[Start of Attachment]

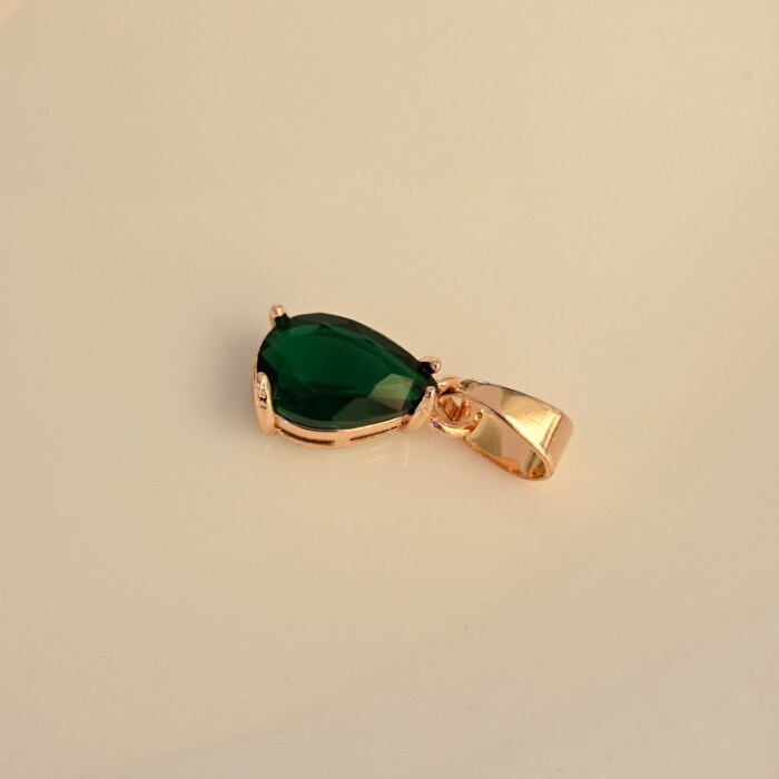 Комплект ювелирной бижутерии коллекция "Дубай" серьги и кулон, покрытие позолота, вставка: фианиты, цвет: зеленый, арт.314.974 3 фото
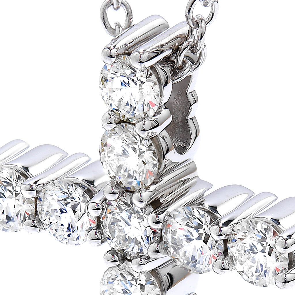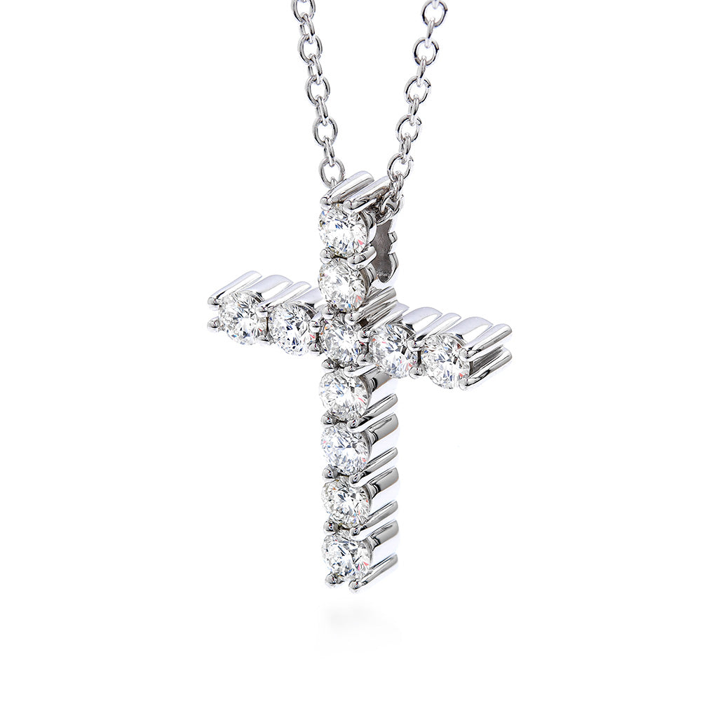 Hearts On Fire 18K White Gold Cross Pendant with 18K White Gold Necklace set with 11 Round-shape Diamonds (0.16ct) I-J Color SI Clarity . This necklace's total carat weight is .16ctw.
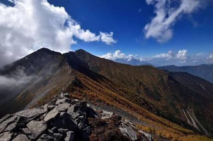 沿石阶而上,前行不多远,就可以看到石头堆叠起来的房子的旧基。也不知过了多少年,石头经历时光的冲洗与磨砺,已经满身斑驳了。不过这都不要紧,最主要的是这些石头却能让人从这旧的痕迹中遐想:当年这家的主人,家境如何的殷实,生活如何的悠闲自在,常年听风的私语、鸟的欢唱,看云起云落、涧水潺潺、百花竞艳,嗅花和各种植物的芬芳,欣赏着自然的鬼斧神工,偶尔有故人拜访,举樽把酒,追月逐云,一起谈论着“采菊东篱下,悠然见南山”惬意。
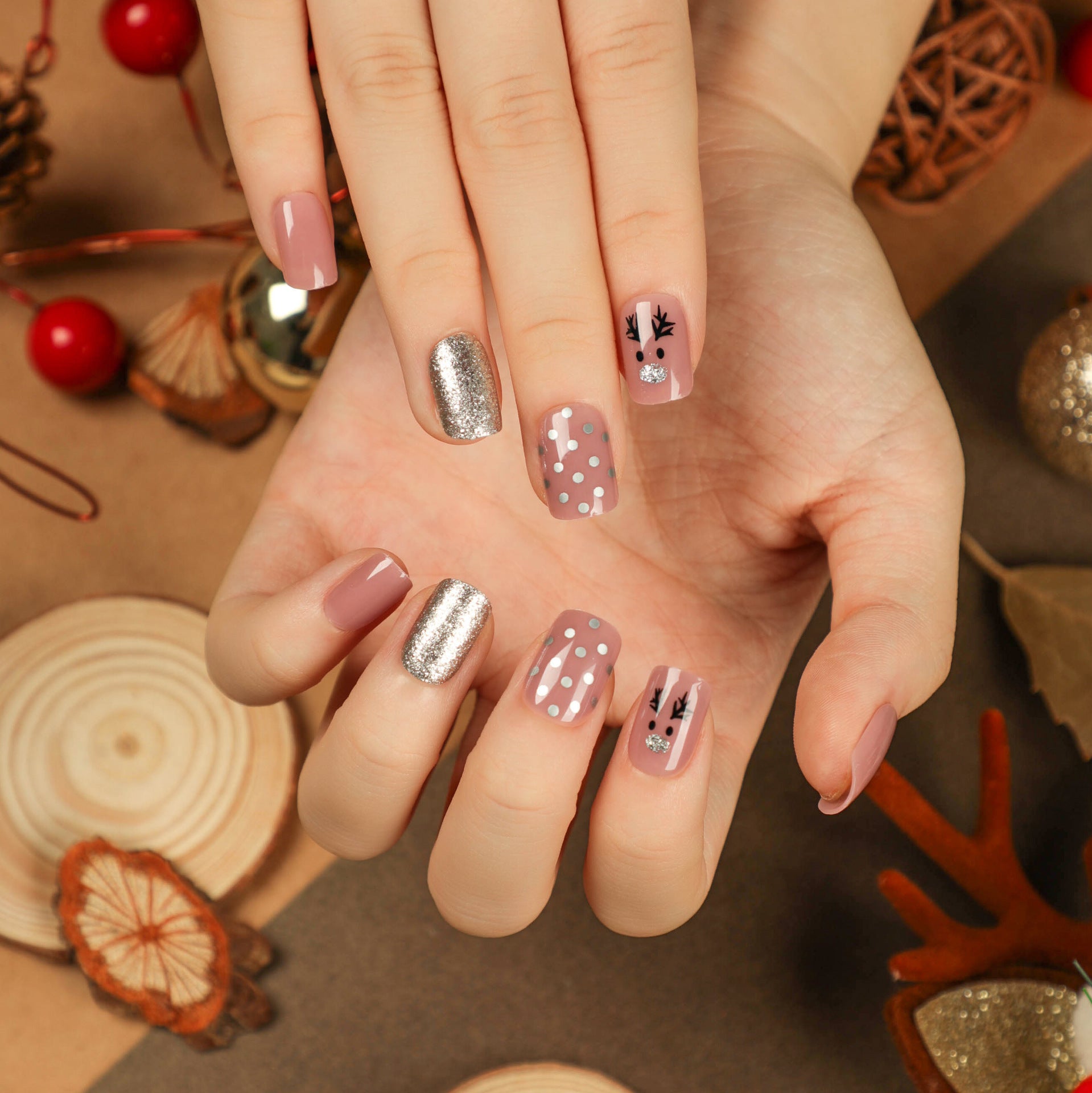 Silver Nosed Reindeer Short Squoval Pink Holiday Press On Nails
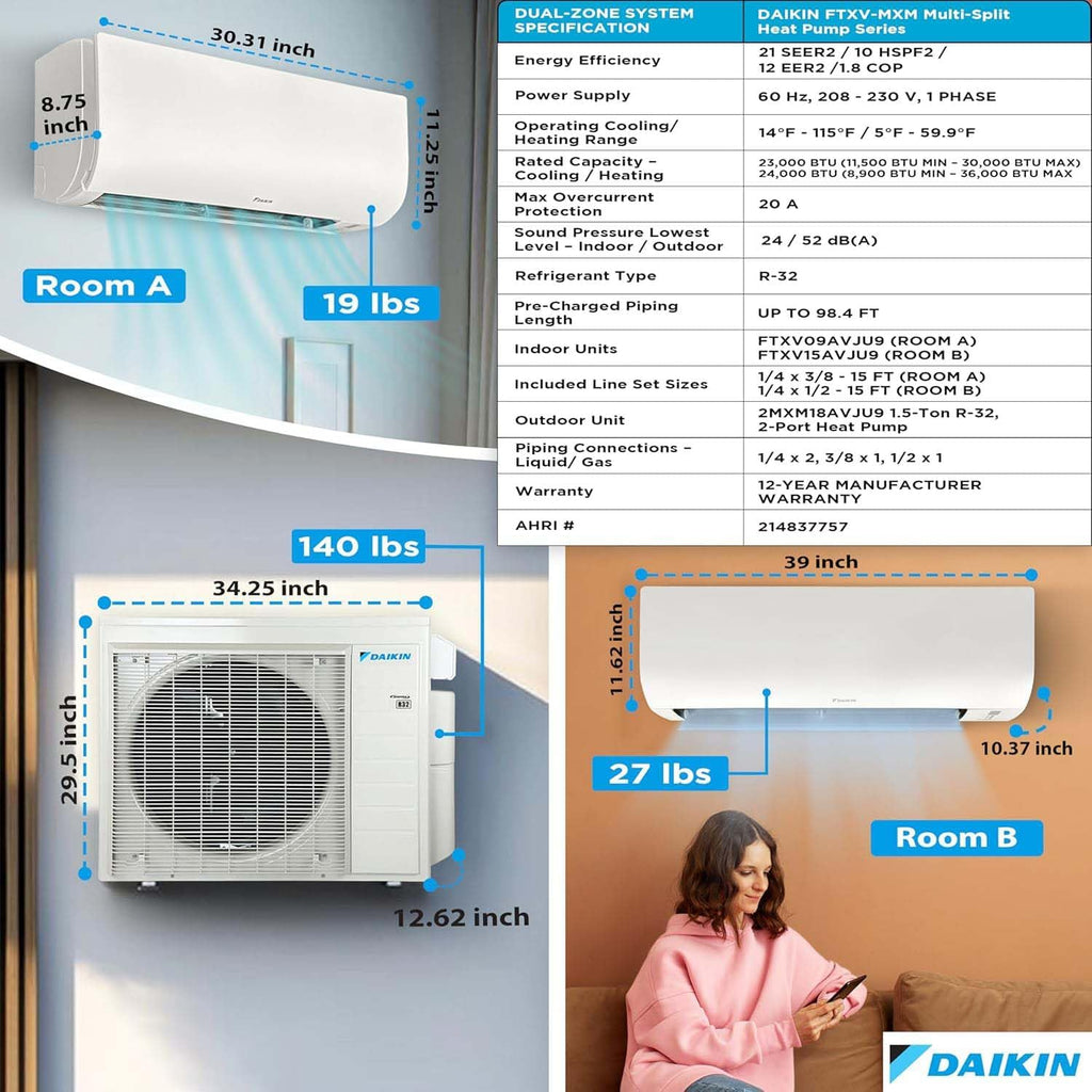 Daikin MXM 18,000 BTU (7K + 9K) 21 SEER2 Dual Zone Wall Mount Mini Split Heat Pump System - R32 - 230V

[End of Attachment]

## Exercise aim
An exact copy is needed of the lines running from the one with "Silver Nosed Reindeer" through the end of the data above, and of those lines only, without pictures.

## Response area
 Silver Nosed Reindeer Short Squoval Pink Holiday Press On Nails
 Daikin MXM 18,000 BTU (7K + 9K) 21 SEER2 Dual Zone Wall Mount Mini Split Heat Pump System - R32 - 230V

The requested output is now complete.